Gaventa, J. (2004). Towards participatory governance: Assessing the transformative possibilities. In S. Hickey & G. Mohan (Eds.), Participation–From Tyranny to Transformation?: Exploring New Approaches to Participation in Development. Zed Books.

Beyond more opportunities to participate, Gaventa argues that we need to examine power relations that surround and imbue new democratic spaces for participation. People, especially the poor, increasingly find the state unaccountable, unresponsive. Some pose a tension between building a more vibrant and active civil society through processes of citizen participation on the one hand, and strengthening government institutions to be more accountable and responsive on the other. Gaventa believes that the solution is found in analyzing the space between these mutually supportive technocratic and anarcho-communicative visions.

In bringing the development literature with the political science literature, the field has begun to advocate for participatory citizenship. Newer approaches have moved to “recast citizenship as practice rather than given” (Gaventa, 2004, p. 29). By bringing the concept of participation into citizenship, it reframes participation as of right, that the exercise of one’s right to participate is a prior right in order to make other rights real. By making political participation a social and economic right, it politicizes participation by recasting citizens as agents in social and economic life.

Research has yielded evidence that projects in democratic decentralization often ends up  empowering local elites, and less so of the marginalized. Conversely, projects in democratic local governance has yielded greater gains in cross-cutting universal services that benefit both elites as well as the poor. Heller’s research points to three enabling conditions for transformative participatory governance: strong central state capacity, a well-developed civil society, and an organized political force with strong social movement characteristics. What then are mechanisms for scaffolding societies towards these conditions if they are not yet in place? This will require research and analysis of the mechanisms that connect local participatory governance with the broader context of political, social and economic forces.

Hearing Andrea Cornwall’s assertion that “spaces for participation are not neutral,” people will feel more free to participate in spaces where they feel empowered to define and shape the space of participation.

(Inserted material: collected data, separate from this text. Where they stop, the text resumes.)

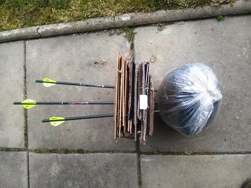 Slíbené foto. Střílené s Excalibur Matrix380 na asi 10-15 metrů. Vlevo obyčejný terčák (ale 145 grainů) uprotřed Toxic a vpravo tříbřitý svařovaný laserem (oba 100 grainů). Váha šípu s terčákem asi 435 grainů a s loveckýma asi 390 - ale to už bych kecal. Je to jen matná vzpomínka a nemožu to už ověřit.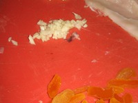 Измельчить чеснок (не выдавливать, а мелко нарезать), сыр и курагу, нарезать соломкой. |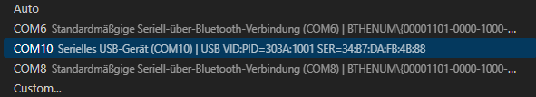 When you click the serial port selector you should see something like this: COM<X> Serial USB-Device (COM<X>) | USB VID:PID=303A:1001 SER=XX:XX:XX:XX:XX:XX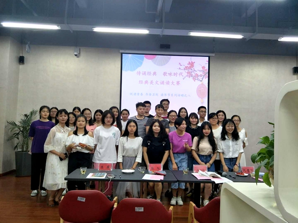 近日,图书馆在书吧举行“悦读青春 书香卫院”读书节系列活动之“传诵经典歌咏时代”经典美文诵读大赛,邀请林旭、陈薇(团委)、阮慧玲等三位老师担任评委。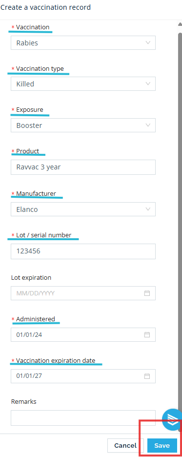 Save — Click Save. The record will automatically appear on the certificate. Verify the checkmark is next to the vaccine name, as this indicates it will be added to the certificate.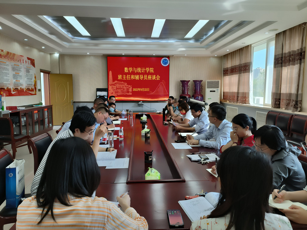 为扎实高效推进学生管理教育工作,进一步提升学院“三全育人”成效,9月22日下午,数学与统计学院于二楼会议室召开班主任和辅导员座谈会,学院党委书记史富强,院长韩小森,党委副书记赵红磊,副院长解俊山、唐恒才,各系主任,全体班主任和辅导员参加座谈会。会议由解俊山主持。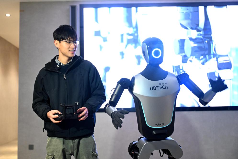 柳州市のロボット産業パークで、リモコンを使って産業用人型ロボットにダンスの動作を指示する呉東波さん。(1月30日撮影、柳州=新華社配信/黎寒池)

Is this a cyclical paradox? Will only those who feel empowered to define and shape that space of participation feel free to participate in the space in the first place?

Gaventa names three spaces for participation: closed, invited, and claim/created spaces. He further reminds us that the spaces exist in dynamic relationship to one another, that they are constantly opening and closing through contestation, resistance, cooptation, and transformation with one another for legitimacy. Skills and resources gained through this struggle can be brought to another space, used to open/close, or transform other spaces.  Situated in the struggle for participation in “vertical” scales, Gaventa reminds us to consider how the local and global are connected, how the drive towards participation can be approached from both orientations. A third dimension Gaventa asks us to examine deals with whether power is visible, hidden, or invisible (constituted of internalized ideologies, values, and behavior).

All of this compels us to ask what the role of representation means. When many democracies use representatives as a way to connect citizens with the structure, how can representation open up spaces of participation, using global forces based on local knowledge, and make power transparent and equitable? Gaventa urges us to consider these complex tensions as we develop more participatory forms of democratic governance or risk erecting structures that mask undemocratic systems with the language of participation.